[[ Provided material, beginning ]]

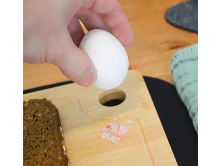 Die Öffnung ersetzt sogar den Eierbecher – und Dein Kochbrett wird zum Frühstücksbrett.
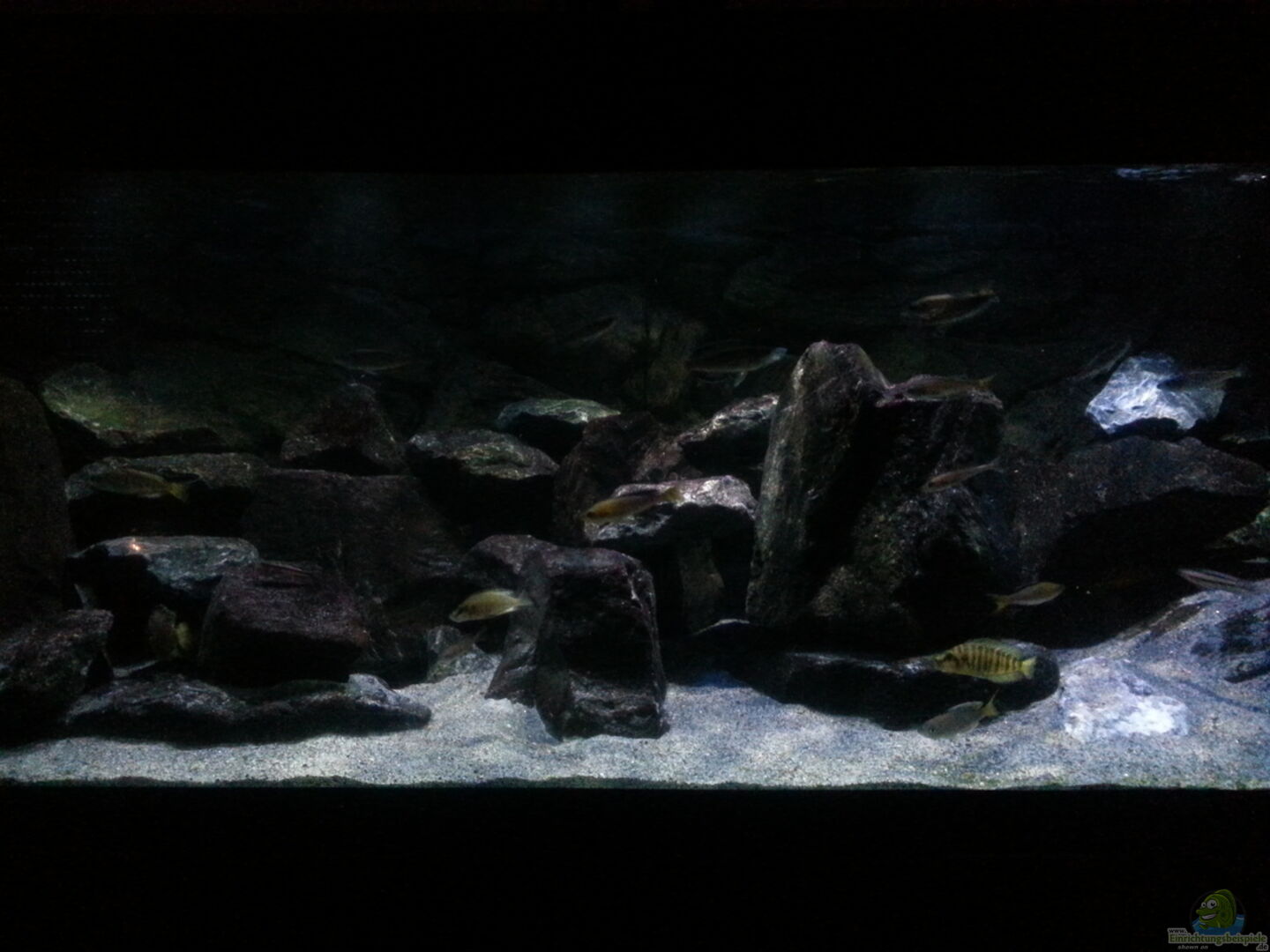 Standart Becken der marke Juwel.Rück und seiten Scheiben sind mit schwarzer Folie beklebt. Zusätzlich habe ich eine 3D rückwand verbaut die das Felstorial des Tanganjikasees wiedergeben soll.Die Rückwand steht ca.5 cm von der hinteren Scheibe ab. Das Becken hat nach abzug der Einrichting ein Wasservolumen von ca.300 liter.
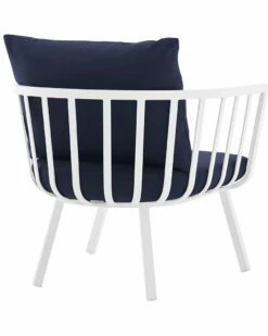 - Refresh your outdoor decor with the Riverside Outdoor Patio Aluminum Armchair. Defined by a crisp, coastal style, this installment of the Riverside outdoor sectional sofa furniture collection features an open barrel back design, sleek armrests, splayed legs, and plush 4″ thick all-weather UV-resistant fabric cushions. Solidly constructed with a powder-coated aluminum frame, the Riverside outdoor chair will enhance the look of your patio, backyard, balcony, porch, deck, or poolside area. Includes foot caps. Chair Weight Capacity: 300 lbs
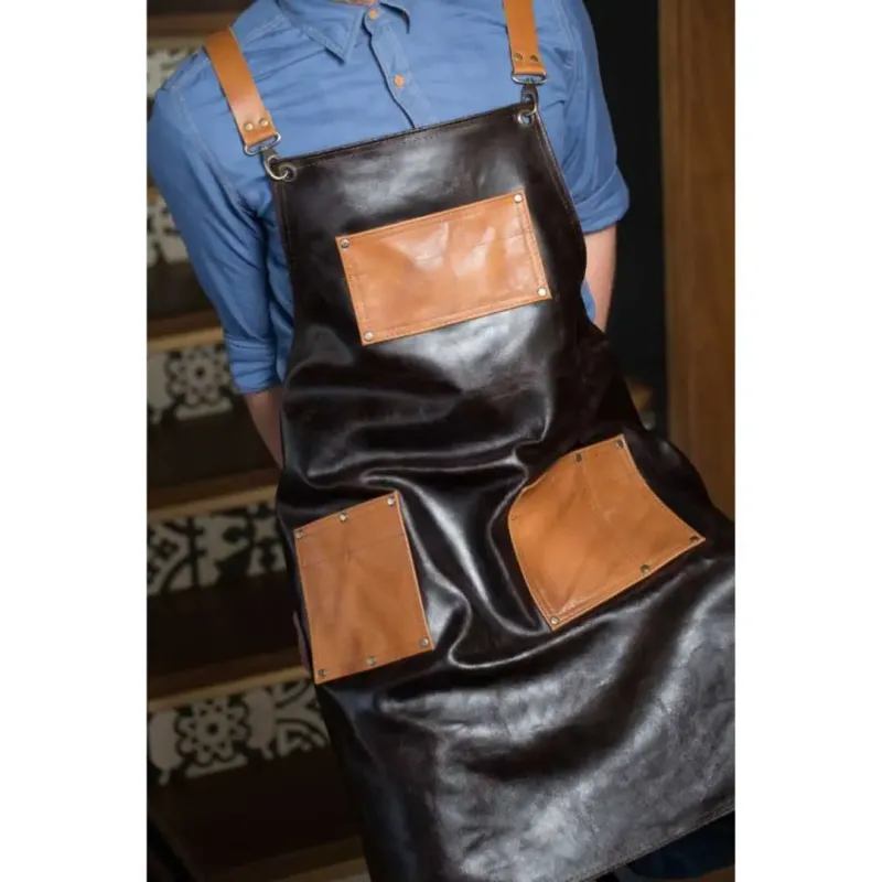 Grembiule professionale realizzato interamente in vera pelle di colore nero e tasche e tracolla di colore marrone. Creazione, disegno e realizzazione sono interamente prodotte in laboratorio. Design unico realizzato con materiali di alta qualità, oltre alla cura e all'attenzione per ogni dettaglio e rifinitura.
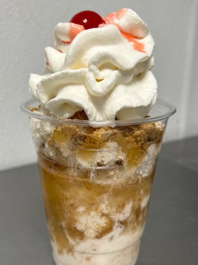Your choice of our delicious Ice Creams, layered with Spiced Apples and Streusel! Topped with Whipped Cream and a Cherry
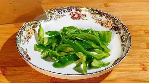 3.青椒把辣椒蒂切斷不要,再去籽,切成辣椒圈,切好後放進碗中備用。
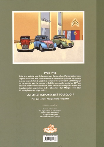 AVRIL 1961. Suite à sa victoire lors de la coupe des Demoiselles, Margot est devenue l'égérie de Citroën. Elle court les salons automobile et présente notamment la toute nouvelle Ami 6. Le célèbre couturier Théophile Saint-Cardon engage un partenariat avec la marque et habille un modèle spécial de 2CV aux couleurs de sa nouvelle collection. Mais des attentats réguliers empêchent la présentation au public de la très attendue "2CV Margot" dont seuls 22 exemplaires seront produits... QUI EN EST RESPONSABLE ? POURQUOI ? Plus que jamais, Margot mène l'enquête !
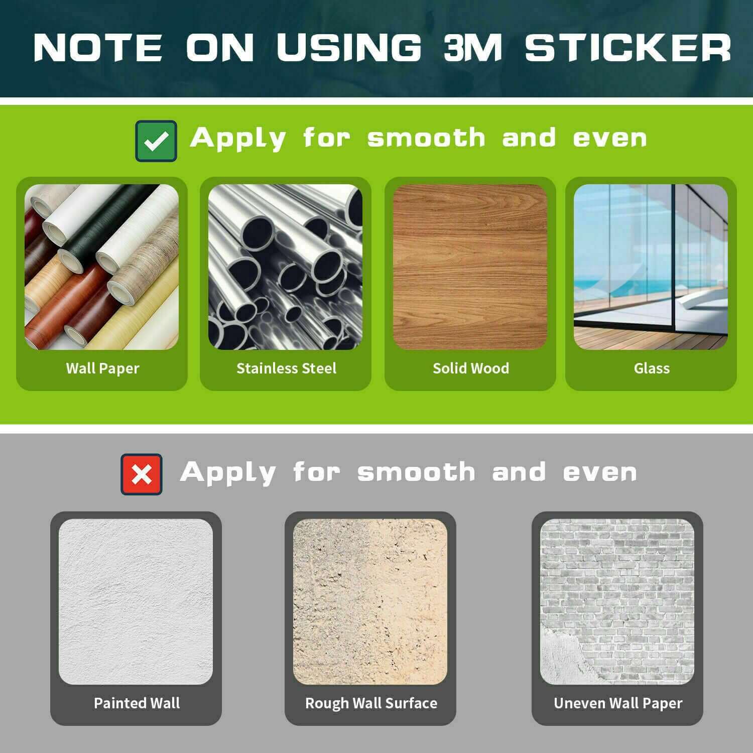 Pet Safety Gate Mesh Fence 3M sticker usage instructions for smooth surfaces like wallpaper, stainless steel, wood, and glass.
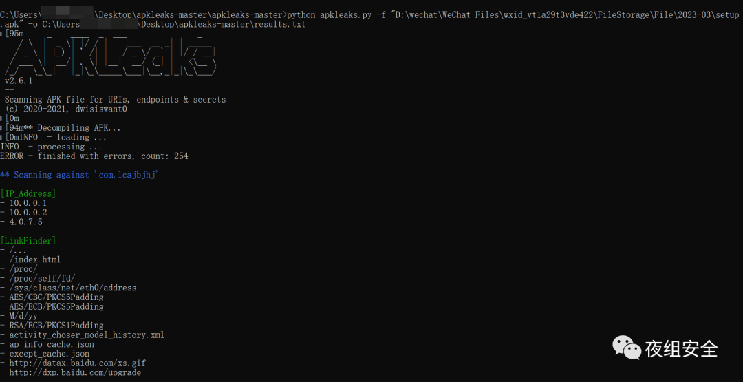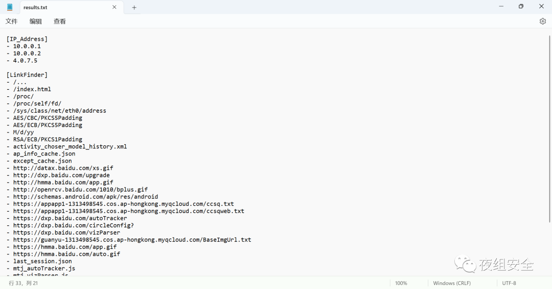 扫描APK文件中的URL、接口与密钥泄露等风险
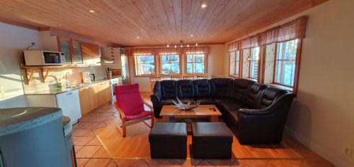 Undervåningen i ett tvåplanshus på Kantarellstigen i Björnrike med möjlighet att ta sig till backen på skidor. Perfekt för en eller två familjer som vill njuta av allt som Björnrike har att erbjuda.Sovplatserna är fördelade på fyra sovrum, två av sovrummen har våningssängar med bred underslaf med möjlighet att sova två. De andra två sovrummen har varsin dubbelsäng. Den öppna planlösningen med sammanhängande kök och storstuga möjliggör kvalitetstid med vänner och familj efter en dag i backen.
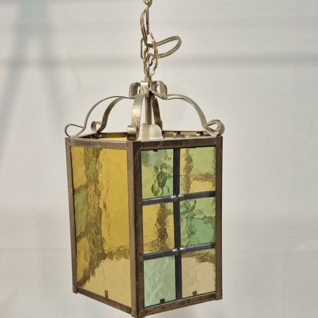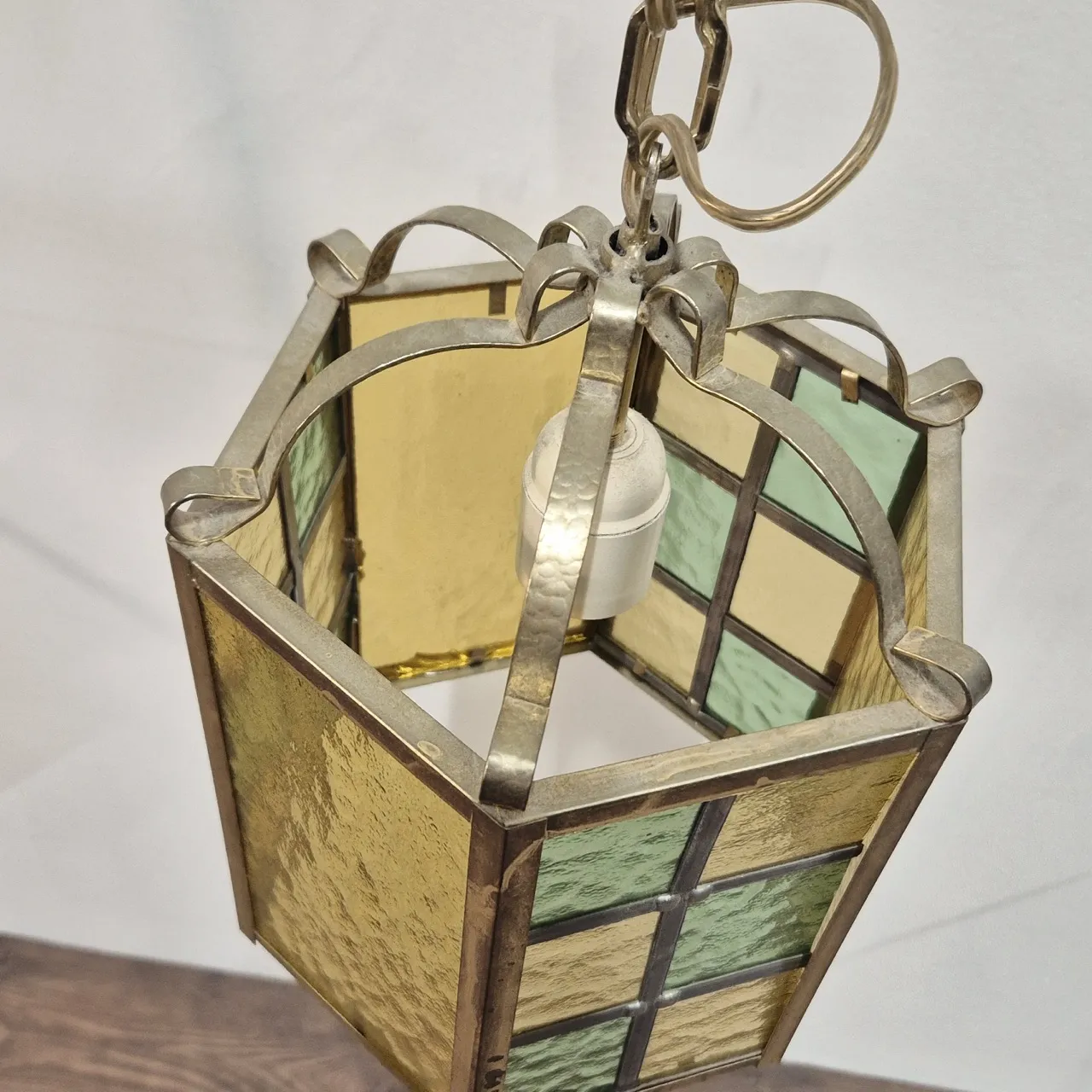 Taklampa med glasrutor, ej testad . H. ca 28cm
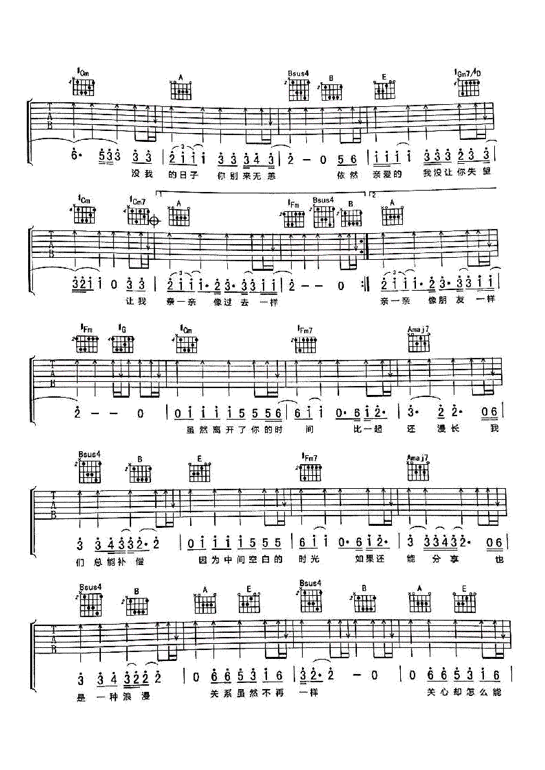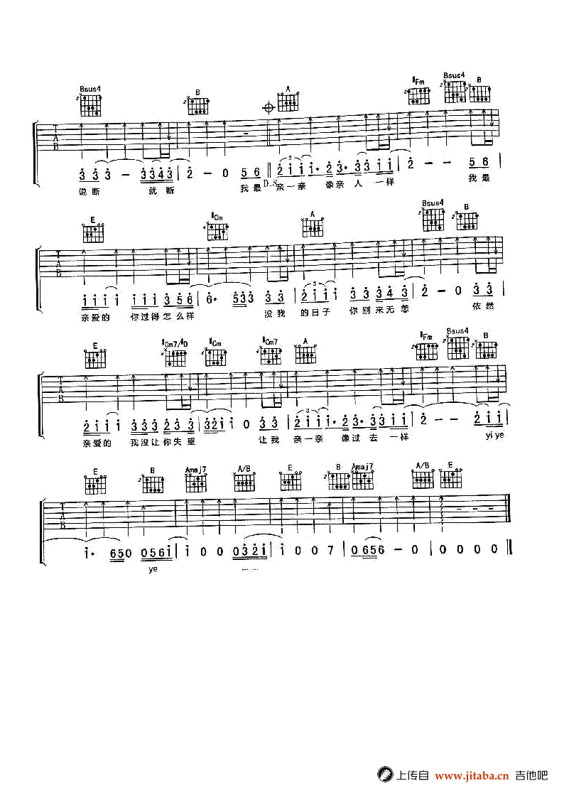 曲谱介绍: 我最亲爱的吉他谱,E调指法,张惠妹的一首经典代表歌曲,在当年成为最具流行和最催泪的作品,我最亲爱的六线谱,感谢吴建华编配,91吉他谱网站上传。 歌曲描写与爱人分开后,某时突然想起过往,那种已经释怀却又带点酸楚的滋味。有些人,无论当初如何约定, 终是走着走着就散了。 他日街头偶遇,江湖重逢, 纵繁词万千, 不过一句“别来无恙”吧。
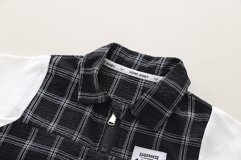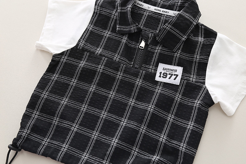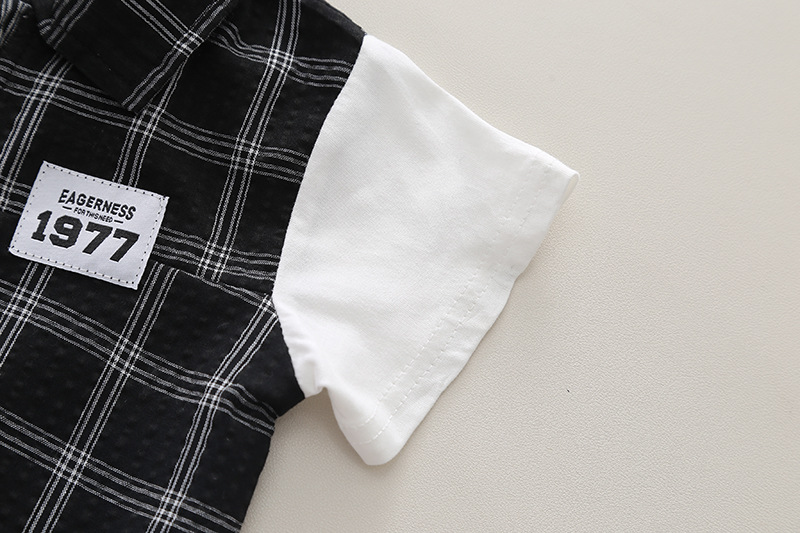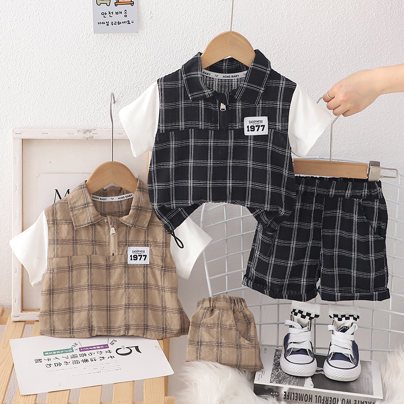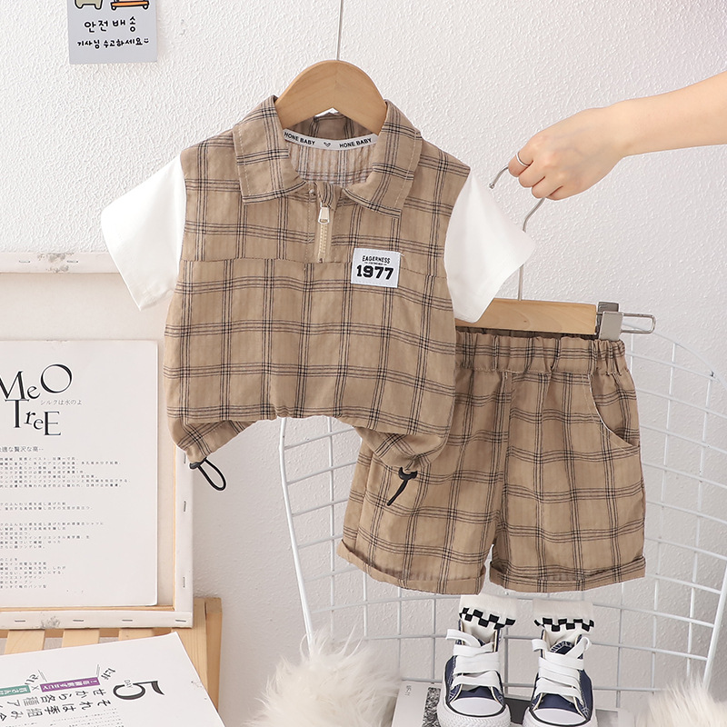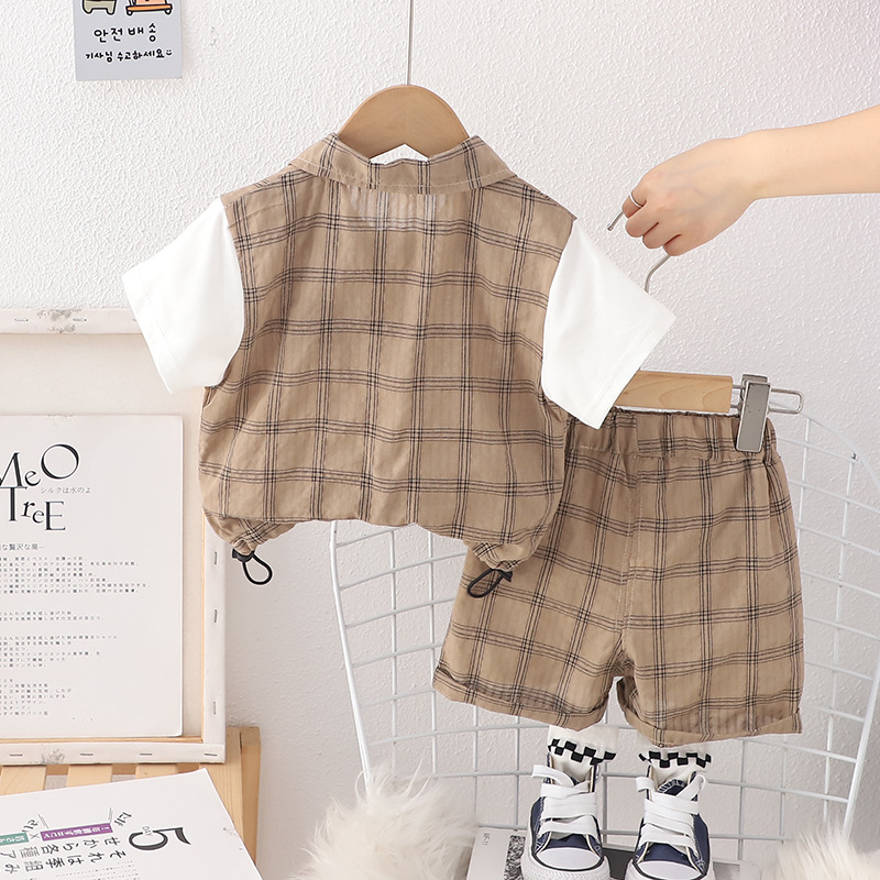 남자들의 여름 세트 2024 서양식 아기 여름 잘 생긴 옷 어린이 격자 무늬 반팔 반바지 투피스 유행 세트스토어 가기

[[ Provided material, end ]]

[Work instructions] Starting at the line above that holds "Standart Becken der", repeat every line exactly down to and including the line that holds "- Refresh your", then stop. Do not carry over any pictures.

[Exercise result]
 Standart Becken der marke Juwel.Rück und seiten Scheiben sind mit schwarzer Folie beklebt. Zusätzlich habe ich eine 3D rückwand verbaut die das Felstorial des Tanganjikasees wiedergeben soll.Die Rückwand steht ca.5 cm von der hinteren Scheibe ab. Das Becken hat nach abzug der Einrichting ein Wasservolumen von ca.300 liter.
 - Refresh your outdoor decor with the Riverside Outdoor Patio Aluminum Armchair. Defined by a crisp, coastal style, this installment of the Riverside outdoor sectional sofa furniture collection features an open barrel back design, sleek armrests, splayed legs, and plush 4″ thick all-weather UV-resistant fabric cushions. Solidly constructed with a powder-coated aluminum frame, the Riverside outdoor chair will enhance the look of your patio, backyard, balcony, porch, deck, or poolside area. Includes foot caps. Chair Weight Capacity: 300 lbs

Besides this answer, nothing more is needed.